9. The process as claimed in claim 7, wherein Grignard catalyst is selected from dibromoethane, ethylbromide, methyl iodide, ethyl magnesium bromide, methyl magnesium bromide, iodine or mixtures thereof.

10. The process as claimed in claim 7, wherein acid is selected from methanesulfonic acid, sulfuric acid, trifluoroacetic acid or mixtures thereof.

11. A process for preparation of Fesoterodine (I)

comprising a step of reducing compound of formula (II) with sodium borohydride in presence of acid to give compound of formula (X)

12. The process as claimed in claim 11, wherein acid is selected from methanesulfonic acid, sulfuric acid, trifluoroacetic acid or mixtures thereof.

13. A process for preparation of Fesoterodine (I)

comprising a step of reacting compound of formula (X) with halogenating reagent in the presence of triphenyl phosphine to give compound of formula (XI)

Hal is Cl, Br or I.

14. The process as claimed in claim 13, wherein halogenating reagent is selected from chlorinating reagents such as N-chlorosuccinimide, phosphorous pentachloride, phosphorous trichloride or mixtures thereof, brominating reagents such as N-chlorosuccinimide, dibromodimethyl hydantoin, phosphorous tribromide or mixtures thereof and iodinating reagents such as potassium iodide, sodium iodide or mixtures thereof.

15. A process for preparation of Fesoterodine (I)

comprising a step of reacting compound of formula (XI) with diisopropylamine to give compound of formula (V)
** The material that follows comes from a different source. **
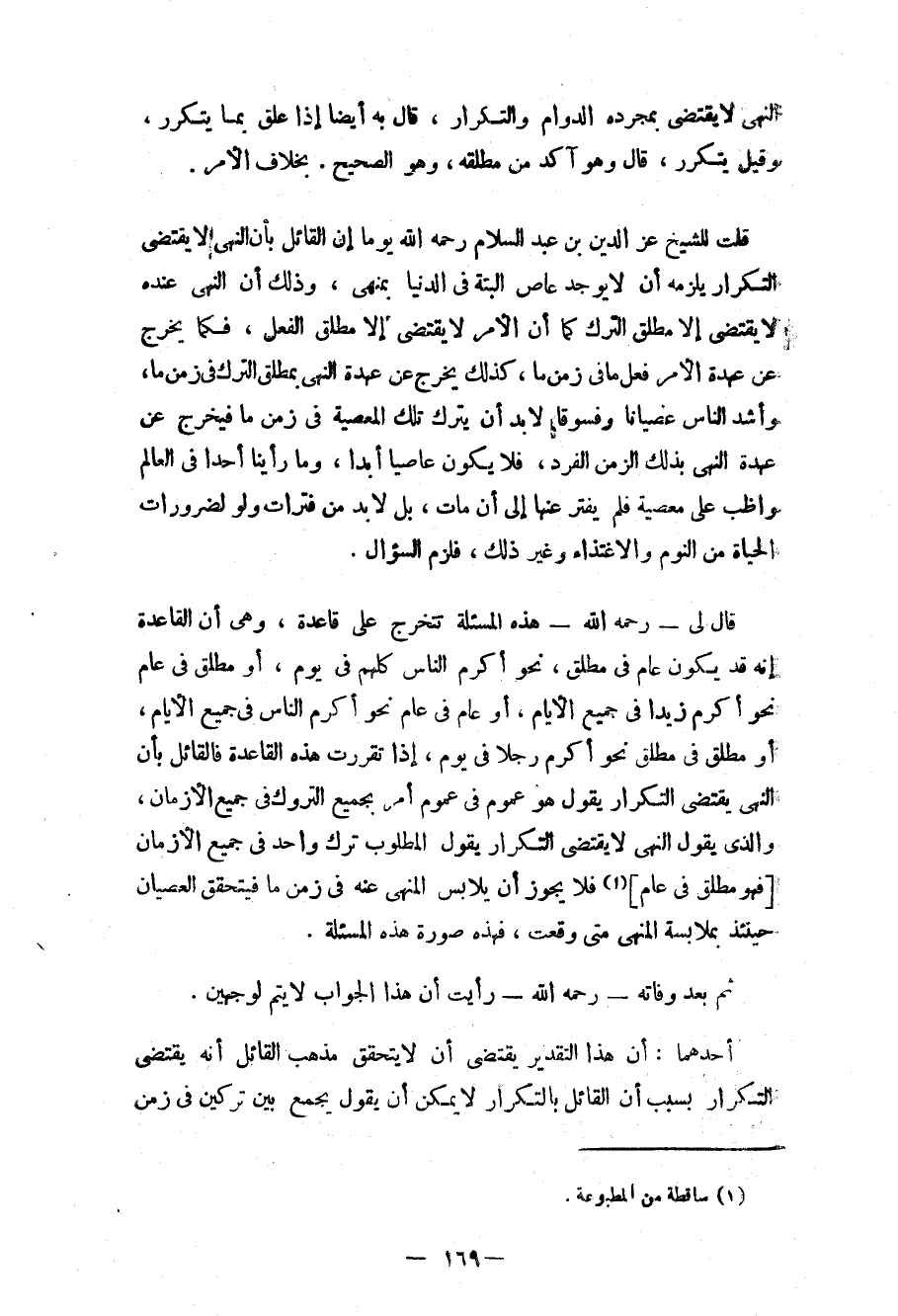 قلت للشيخ عز الدين بن عبد السلام رحمه الله يوماً إن القائل بأن النهي لا يقتضي التكرار يلزمه أن لا يوجد عاص البتة في الدنيا بمنهي، وذلك أن النهي عنده لا يقتضي إلا مطلق الترك كما أن الأمر لا يقتضي إلا مطلق الفعل، فكما يخرج عن عهدة الأمر فعل ما في زمن ما، كذلك يخرج عن عهدة النهي بمطلق الترك في زمن ما، وأشد الناس عصياناً وفسوقاً لا بد أن يترك تلك المعصية في زمن ما فيخرج عن عهدة النهي بذلك الزمن الفرد، فلا يكون عاصياً أبداً، وما رأينا أحداً في العالم واظب على معصية فلم يفتر عنها إلى أن مات، بل لا بد من فترات ولو لضرورات الحياة من النوم والاغتداء وغير ذلك، فلزم السؤال.

16. A process for preparation of Fesoterodine (I)

comprising ,
(a) reducing compound of formula (II) with sodium borohydride in presence of acid to give compound of formula (X)

(b) reacting compound of formula (X) with halogenating reagent in the presence of triphenyl phosphine to give compound of formula (XI)

Hal is Cl, Br or I.
(c) reacting compound of formula (XI) with diisopropylamine to give compound of formula (V)

17. The process as claimed in claim 16, wherein acid is selected from methanesulfonic acid, sulfuric acid, trifluoroacetic acid or mixtures thereof.

18. The process as claimed in claim 16, wherein halogenating reagent is selected from chlorinating reagents such as N-chlorosuccinimide, phosphorous pentachloride, phosphorous trichloride or mixtures thereof, brominating reagents such as N-chlorosuccinimide, dibromodimethyl hydantoin, phosphorous tribromide or mixtures thereof and iodinating reagents such as potassium iodide, sodium iodide or mixtures thereof.

19. The process according to any preceding claim characterized in that the compound of formula (II), (III), (IV), (V), (VI), (VII), (X), (XI) is having R configuration.